The discerning reader will recognise in Holtum’s appeal a clear warning to De Wever and his European counterparts: unless governments step in urgently, the closure of Europe’s metal smelters will become inevitable. This from the very Singaporean company that now presents itself as the guardian of Europe’s strategic sectors, despite having shifted Nyrstar beyond Belgian and European control in 2019.

That De Wever received Trafigura with due ceremony therefore raised many eyebrows, not least among Nyrstar’s minority shareholders. For more than seven years, they have been fighting to reverse Trafigura’s restructuring of Nyrstar so that the zinc smelter might return to Belgian ownership.
Déjà Vu
There is a striking sense of déjà vu. The parallels between Electrabel and Suez, on the one hand, and Nyrstar and Trafigura, on the other, are difficult to ignore.

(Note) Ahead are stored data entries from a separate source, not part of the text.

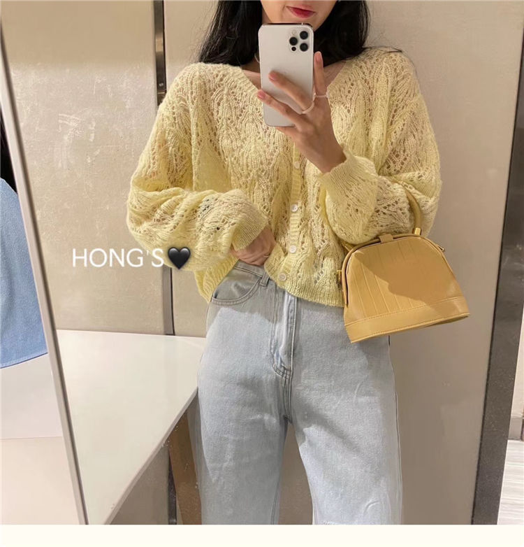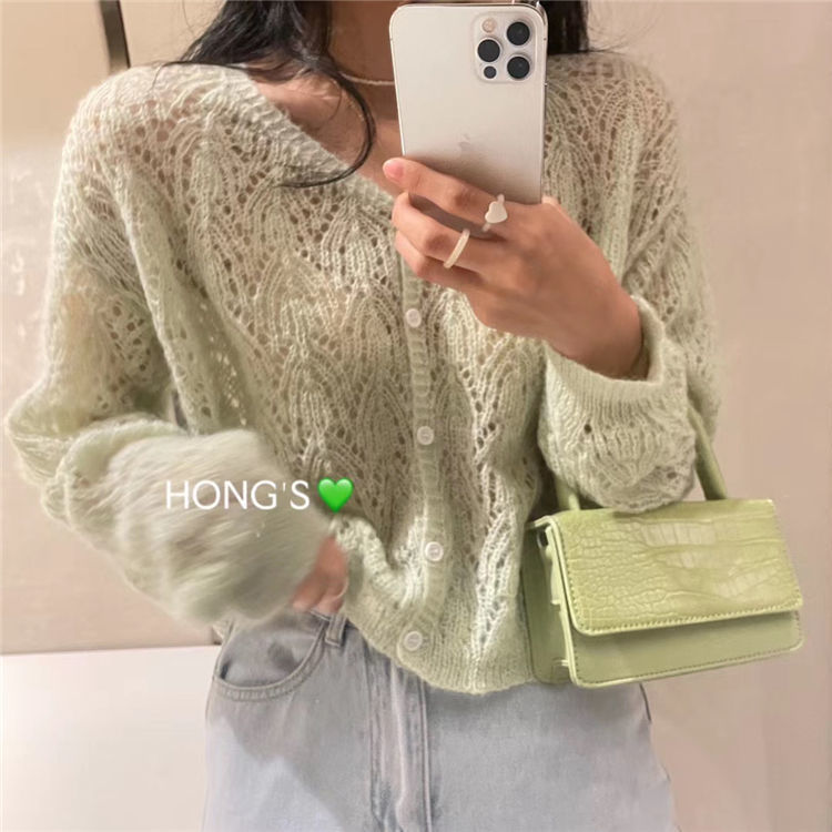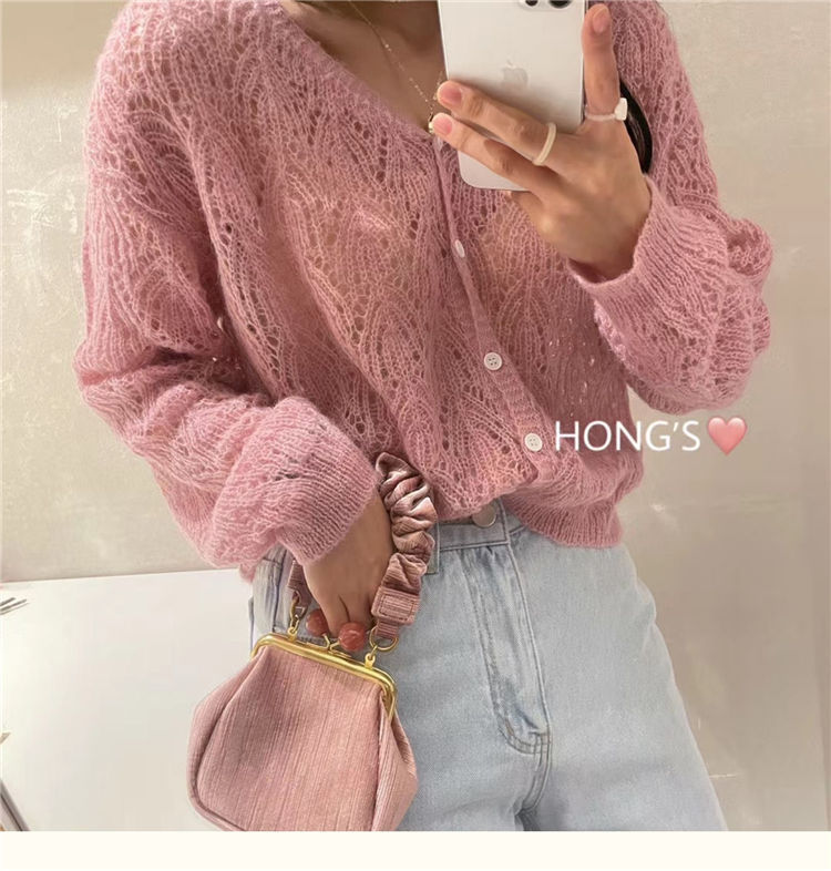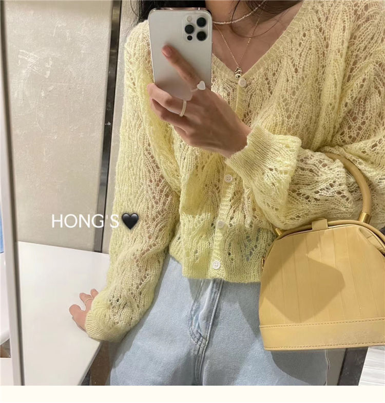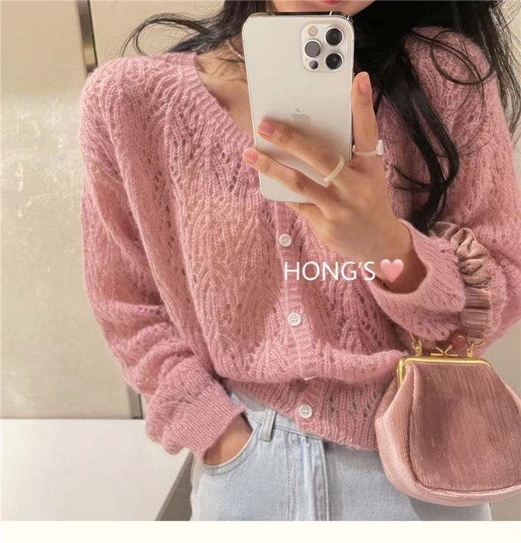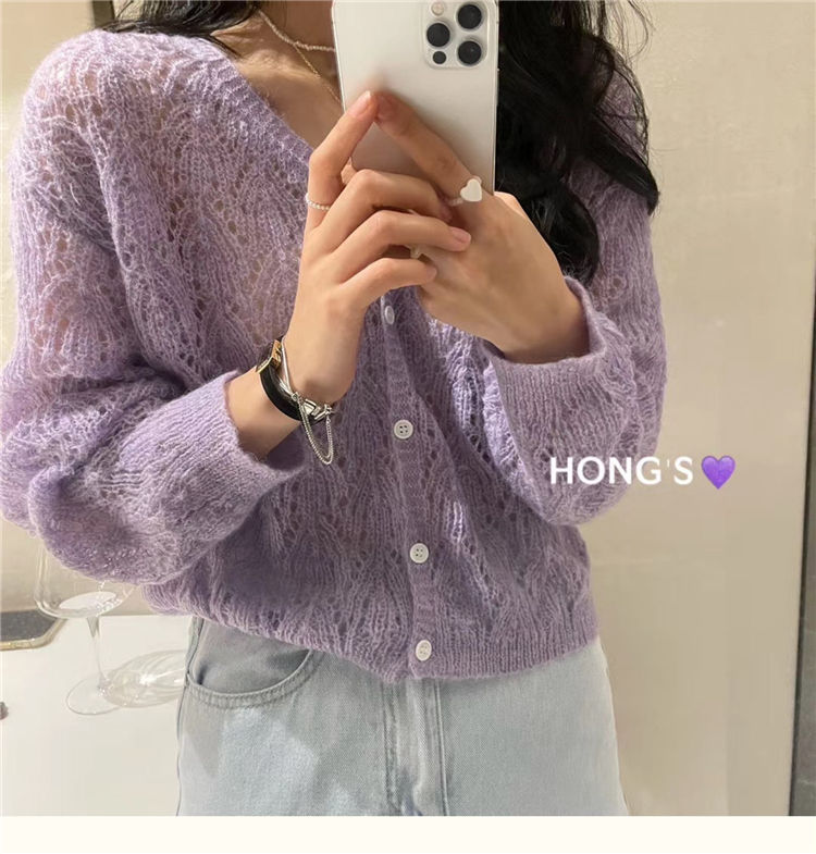 얇은 속이 빈 스웨터 카디건 코트 여성의 부드러운 부드러운 V 넥 싱글 브레스트 스웨터 에어컨 셔츠 태양 보호 의류스토어 가기
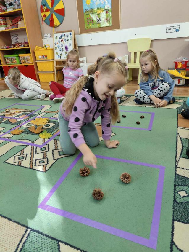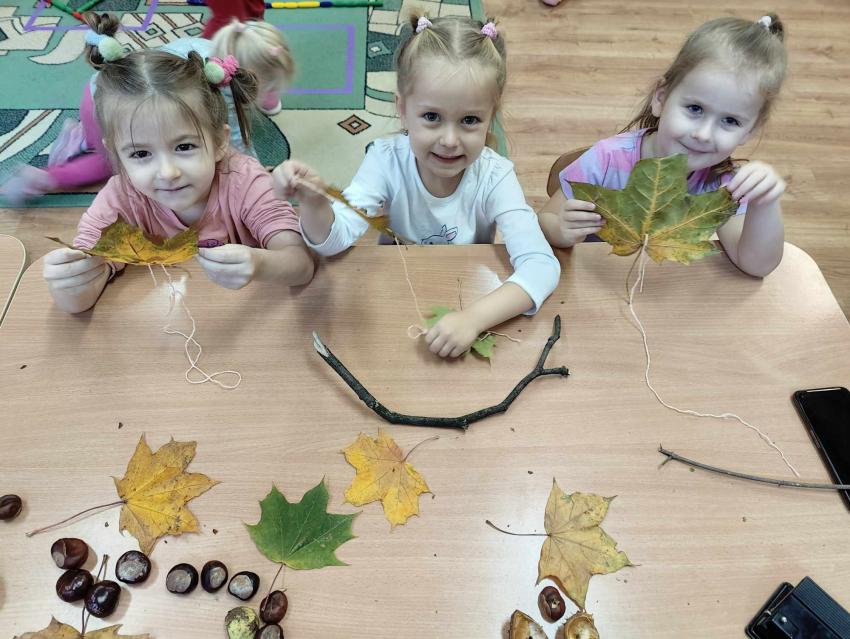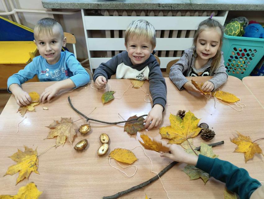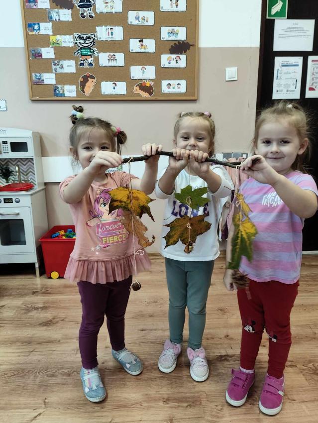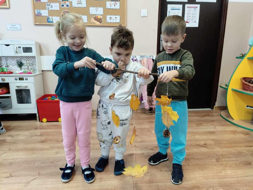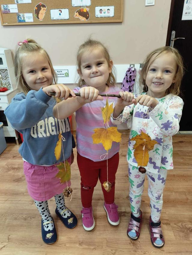 Supersmyki utrwalały pojęcia "więcej", "mniej", "tyle samo" wykorzystując atrybuty jesieni. Zrobiły także "Jesienne mobile" w ramach Ogólnopolskiego Projektu Edukacyjnego ?Z darami natury świat nie jest ponury!?
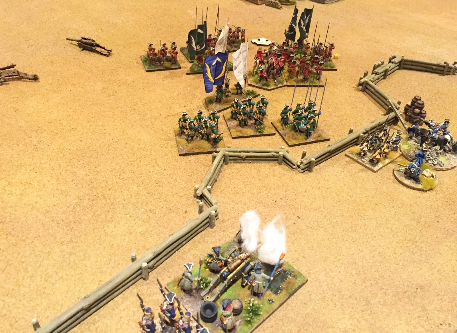 Having used the battering cannon to support my infantry in chasing the garrison out of the village (in fact annihilating them) the attack I was teeing up on the main Swedish line had to be reformed twice before a final depleted and desperate assault by three battalions almost carried the breastworks before collapsing completely.
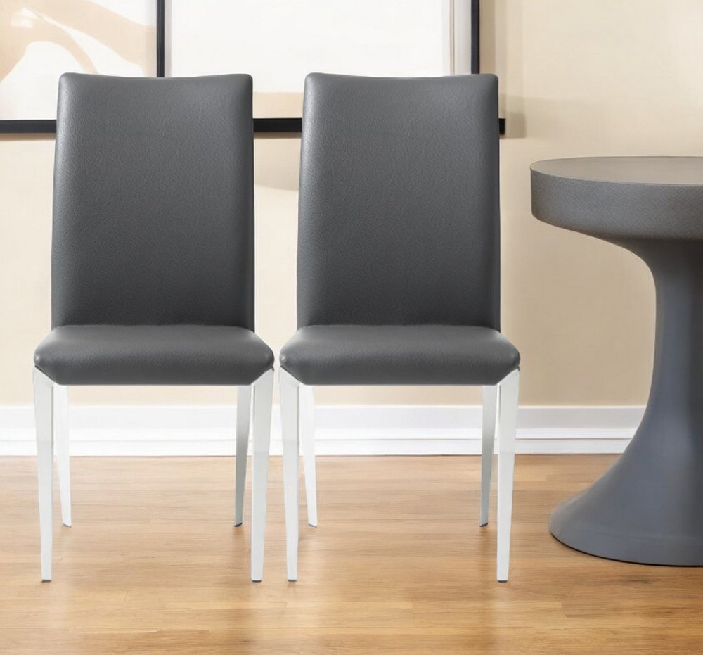 Set of Two Dark Gray And Silver Upholstered Faux Leather Dining Side Chairs
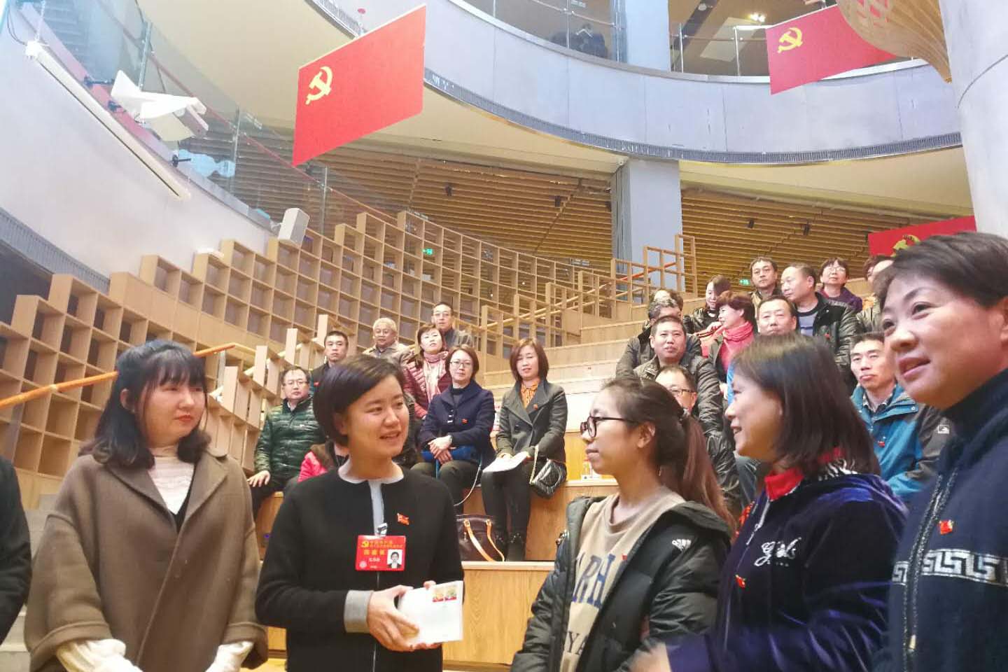 党的十九大代表、沈阳市苏家屯区八一街道团工委书记、党群办主任、官立堡村党支部第一书记吴书香(左二)在沈阳玖伍文化城与听众沟通。何勇 摄
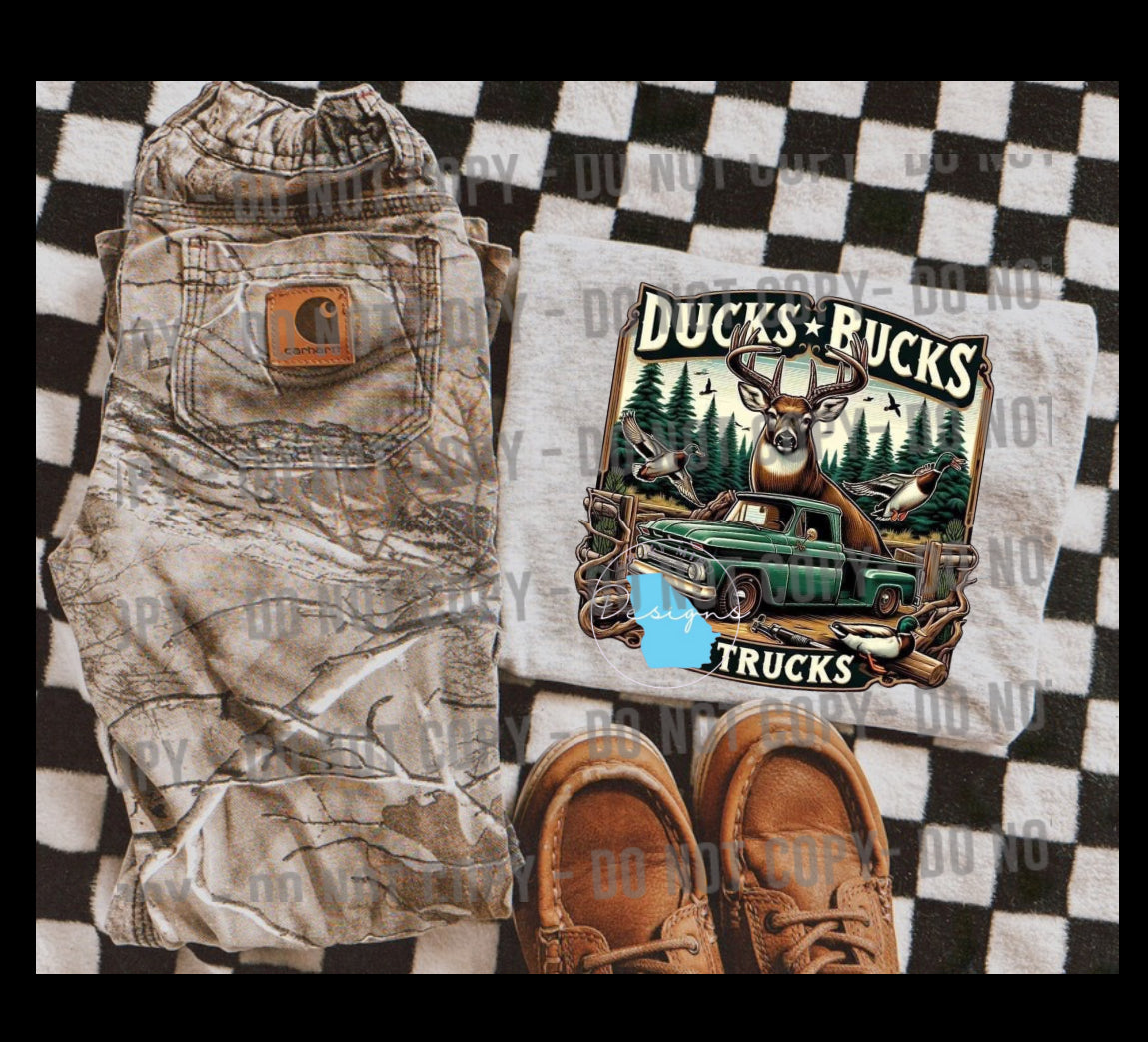 Ducks bucks and trucks hunting kids graphic t-shirt
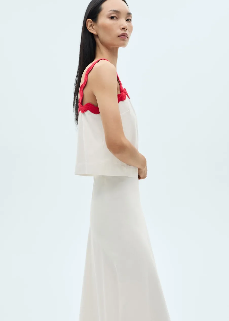 Bawełna 100%. Cienka tkanina. Deseń crop. Model prosty. Podwyższony stan. Zapięcie z tyłu.

As with nuclear power, zinc is a strategic resource. Equally important — and perhaps even more so — are the critical metals that Nyrstar refines as by-products of zinc smelting. They are indispensable for technology, the energy transition and defence.
In both cases, these are crown jewels of the Belgian economy that the country knowingly allowed to slip from its grasp.
In both cases, companies are threatening to close plants because they are allegedly no longer economically viable unless governments step in with taxpayer support.
There is, however, one fundamental difference. Electrabel was not unlawfully sold to France’s Suez. Nyrstar, by contrast, fell into Trafigura’s hands through what is alleged to have been a fraudulent restructuring. Alongside ongoing civil proceedings, Belgian authorities continue to investigate the transfer of Nyrstar’s assets to Trafigura.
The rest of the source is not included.